Thanks, I have switched it to OpenDNS IP which I've heard is more reliable. I had tried the Eastlink DNS IP and the problem was still occurring. The odd part is the randomness of when it happens and how sometimes it switches for 10 minutes and other times 2-3 hours. I have SysLog setup to send traps for 609001, 609002 and 622001. I am seeing the 622001 but not the others. I just did a 'debug sla monitor error' which I believe will turn these on although I haven't seen them yet.

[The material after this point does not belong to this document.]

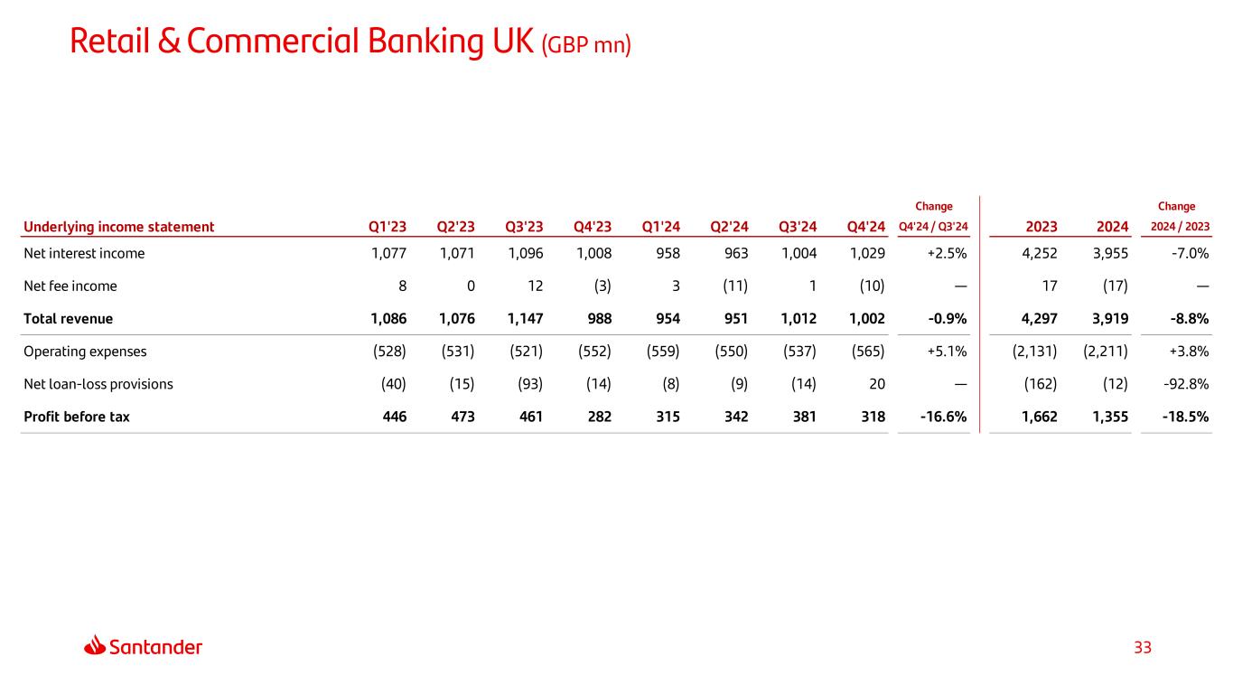 32 Retail & Commercial Banking UK (Constant EUR mn) Change Change Underlying income statement Q1'23 Q2'23 Q3'23 Q4'23 Q1'24 Q2'24 Q3'24 Q4'24 Q4'24 / Q3'24 2023 2024 2024 / 2023 Net interest income 1,272 1,265 1,294 1,191 1,132 1,137 1,187 1,216 +2.5% 5,023 4,672 -7.0% Net fee income 9 0 15 (4) 3 (13) 2 (12) — 20 (21) — Total revenue 1,283 1,272 1,355 1,167 1,127 1,123 1,195 1,184 -0.9% 5,077 4,630 -8.8% Operating expenses (624) (627) (615) (652) (661) (650) (635) (667) +5.1% (2,518) (2,612) +3.8% Net loan-loss provisions (47) (18) (110) (17) (9) (11) (17) 23 — (191) (14) -92.8% Profit before tax 527 559 545 333 372 404 450 375 -16.6% 1,964 1,601 -18.5%

The other thing of note is that we use SourceFire. Maybe an update to that is causing the problem (the SLA worked fine for 3 years!)

Thanks. Grant.

superego · ‎01-22-2019

You may fine tune your IP SLA parameters. Create another IPLSA monitor to test, like:

sla monitor 123
 type echo protocol ipIcmpEcho 8.8.8.8 interface Eastlink
 num-packets 3
 frequency 10

track 2 rtr 123 reachability

sla monitor schedule 123 life forever start-time now

then do "show sla monitor operational-state" to check if the result is better.

Your current IP SLA is sending 1 packet every 5 seconds and if it miss one packet it will failover, might be too sensitive.

gmacdonald11 · ‎01-22-2019

Thanks, I'll give that a shot. Interesting that the default num-packets is 1. I've been searching for a clearer understanding on this parameter. If you set it higher does it only failover if all of the packets fail?

superego · ‎01-22-2019

That is correct.

gmacdonald11 · ‎01-22-2019

Good tip, I think I'll increase the num-packets to 3 on the current sla to opendns. Stay tuned! Thanks.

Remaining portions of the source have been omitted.